Adopting Afghan Refugees

Let’s take a look at the options available for adopting Afghan refugees. First, it is important to note that Iraqi refugees are not citizens of Afghanistan. Afghans who have left their country, however, are either citizens or residents of the country.

If you wish to adopt an Afghan child internationally, your adoption service provider will need to identify a specific child for you. Some children have special needs and there are also younger children available for adoption as well as sibling groups.

There are options for adoption through Hague Adoption Agencies and non-Hague Adoption Agencies. An orphan visa can be issued once the child is identified by the prospective adoptive parents.

The waiting time for an orphan visa can range from two weeks to five months depending on where you are adopting from. The U.S., Australia, New Zealand, and Canada do not require that prospective adoptive parents be married before a child is adopted. All other countries require that prospective adoptive parents be married.

Afghanistan is not a Hague Convention country, therefore non-Hague adoption services are generally more expensive than Hague Adoption Agencies.

Prospective adoptive parents will need to complete all necessary forms and submit them to their adoption service provider or directly to the State Department who issues orphan immigrant visa petitions for children from Afghanistan.

How Has The Taliban Changed Adoption In Afghanistan?

Adopting Afghan Refugees

The Taliban has made it considerably more difficult for children to immigrate to the US, particularly if they are unaccompanied minor refugees. The reason is that the only way a child can travel out of Afghanistan is with an approved immigration visa or passport. Without either item, the child will not be able to leave Afghanistan.

This means that any orphaned children who do make it out of Afghanistan must have the documentation before their adoptive parents can bring them home. Documentation includes but isn’t limited to: birth certificates, court orders terminating parental rights, and/or adoption orders as well as proof of legal custody such as power-of-attorney letters and legal guardianship documents signed by both parties (for those adopting from Afghanistan.)

If these documents are missing, the system will automatically reject the visa petition.

Some examples include:

Both parents are dead but no documents proving this exist. The child will need to prove that both parents are dead before s/he can receive an exit visa. If one parent is deceased but there’s no proof, then only one parent needs to be absent before the child qualifies for an orphan designation–providing that a non-related adult adopts or becomes a legal guardian of the child and signs a form consenting to the adoption or guardianship before it can occur.

The two major organizations working with Afghan orphans facing these issues are Adopt International and Amera Foundation. Their efforts have been tremendously successful in helping children flee from certain death or abuse at the hands of others in Afghanistan.

How long will it take to adopt an Afghan refugee?

The process can take anywhere from a few months to over a year, depending on individual circumstances. That said, the faster your application is accepted and completed by all parties involved–and you’re also able to provide sufficient documentation of the prospective child’s condition–the better.
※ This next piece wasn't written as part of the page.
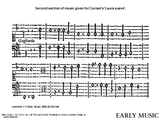 I agree with these identifications of the first and third sections. But I am not convinced that the central section is a gagliarda. It’s not a problem that the first phrase starts with an upbeat qui | miri il sole – Lamothe’s gagliarda example from Caroso does this.

You may be asked why you want to adopt an Afghan refugee (or other native or ethnic group). Make sure you have a cogent answer to this question!

Why do some American families choose to adopt Afghan refugees?

Adopting an orphaned Afghani child can benefit both yourself and him/her in several ways: Afghani children are very motivated by love and need a family-like structure where they can thrive. They come from adverse backgrounds where death or abuse is common, so they’re often traumatized and need a family to help them cope with their experiences.

However, it’s important to not be too idealistic about the outcomes of international adoption. These children come from a place where they have been abandoned or orphaned for various reasons–they don’t always have parents who love them, but may have other traumatic circumstances surrounding their upbringing.

If you can recognize these pains in your Afghani child and provide him/her with the support he needs, you’ll likely help create an incredibly bright future for his/her life.